* [WORK ITEM]:
The answer must be an exact copy of the lines from the one with "炼功完毕后,由两位学员念了师" through the final line below, with no pictures and nothing else.
##############################
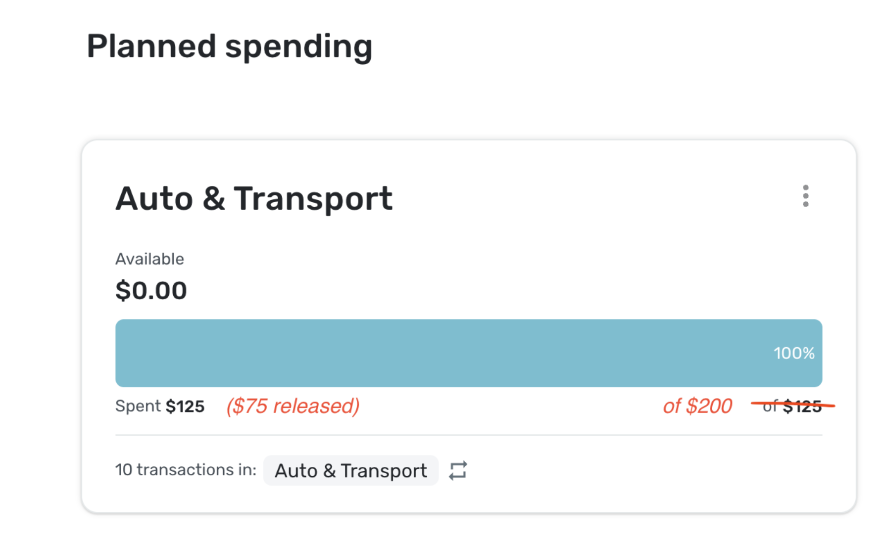 My suggestion is about changing the way Simplifi displays the spending, the planned target, and released funds in both the current and prior months so that the user can see how actual spending compares to planned spending, even when the funds have been released. Like this:
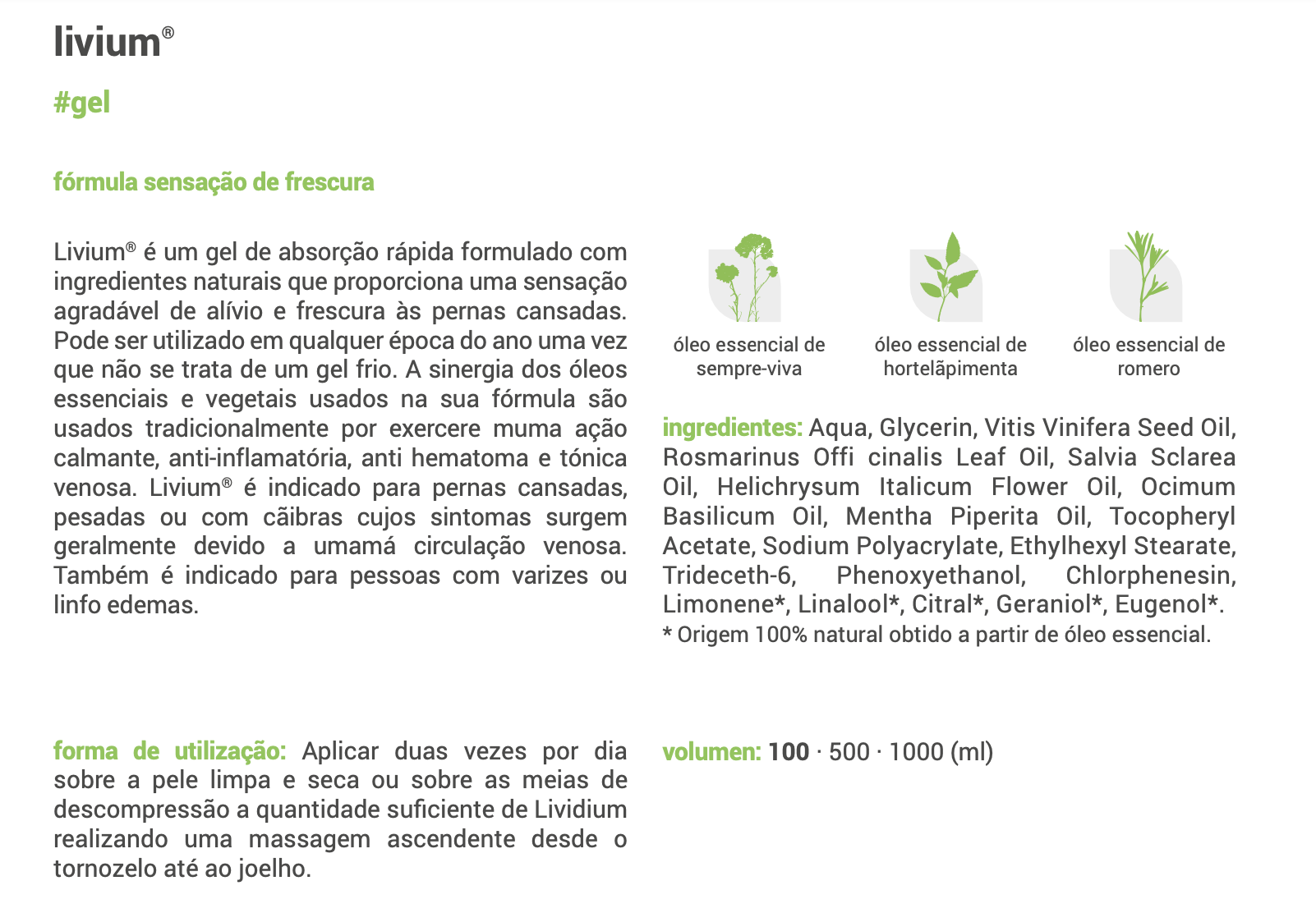Indicado também para casos de varizes, cãibras noturnas e linfedemas, Livium® é um excelente complemento à rotina de quem passa longas horas em pé, sentado ou utiliza meias de compressão.
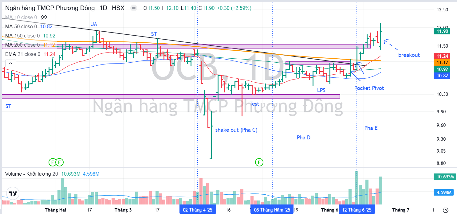 Ngày 23.6.2025, OCB breakout thoát ra khỏi vùng tích luỹ và bước vào pha E tăng giá.
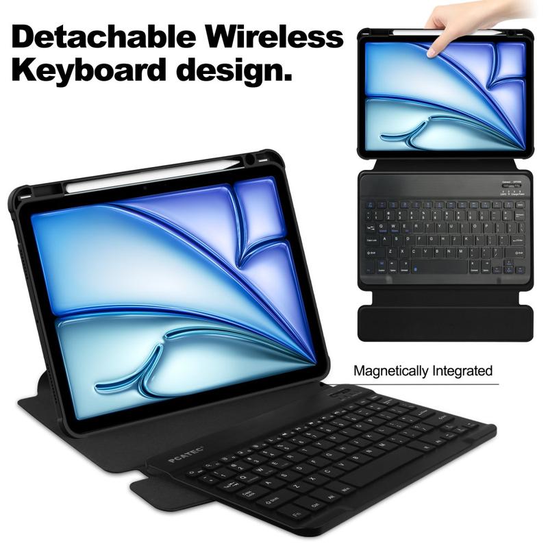Experience elevated convenience and protection for your iPad Air 11 2024/2025. This versatile case features a 360-degree rotating stand, offering both landscape and portrait display options for effortless multitasking. Crafted from a blend of PU leather and acrylic, it provides durable scratch and impact resistance while maintaining a sleek, modern look. The integrated keyboard enhances productivity on the go, making it a top choice for students, professionals, and everyday users alike.
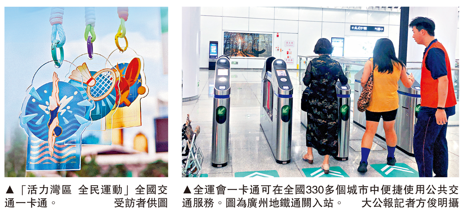 「『活力灣區 全民運動』全國交通一卡通遵循全國交通一卡通標準,可在全國330多個已開通互聯互通功能的城市中便捷使用公共交通服務。」廣州羊城通有限公司有關負責人表示,該一卡通覆蓋粵港澳大灣區核心交通場景,包括香港港鐵、港珠澳大橋穿梭巴士及澳門公交等城市公共交通系統;同時可直接用於搭乘廣東城際列車,實現一卡通行灣區、無縫銜接出行。在全運會期間,該一卡通有利於幫助緩解賽事相關人員及來穗遊客的跨區域出行壓力,提升出行便捷度。
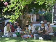 炼功完毕后,由两位学员念了师父的经文《正念的作用》。中午,更多的学员加入进来。母亲们带着孩子们在树荫下,和在正午热辣辣的太阳下的弟子们一起,一次又一次的发正念。下午三点多,学员带来了尊敬的师父亲临会场讲法的消息,许多学员的眼中闪烁着喜悦的泪水。围坐在草坪中间的大树下,在喧闹的车流中,学员们专心的聆听了师父的讲法录音。一位把自己的入场票让给别人的阿姨,再一次把离录音机近的位置让给了其他学员。
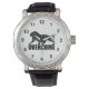 Uhr, Vintage Männeruhr mit schwarzem Lederarmband
##############################
* [FINISHED EXERCISE]:
 炼功完毕后,由两位学员念了师父的经文《正念的作用》。中午,更多的学员加入进来。母亲们带着孩子们在树荫下,和在正午热辣辣的太阳下的弟子们一起,一次又一次的发正念。下午三点多,学员带来了尊敬的师父亲临会场讲法的消息,许多学员的眼中闪烁着喜悦的泪水。围坐在草坪中间的大树下,在喧闹的车流中,学员们专心的聆听了师父的讲法录音。一位把自己的入场票让给别人的阿姨,再一次把离录音机近的位置让给了其他学员。
 Uhr, Vintage Männeruhr mit schwarzem Lederarmband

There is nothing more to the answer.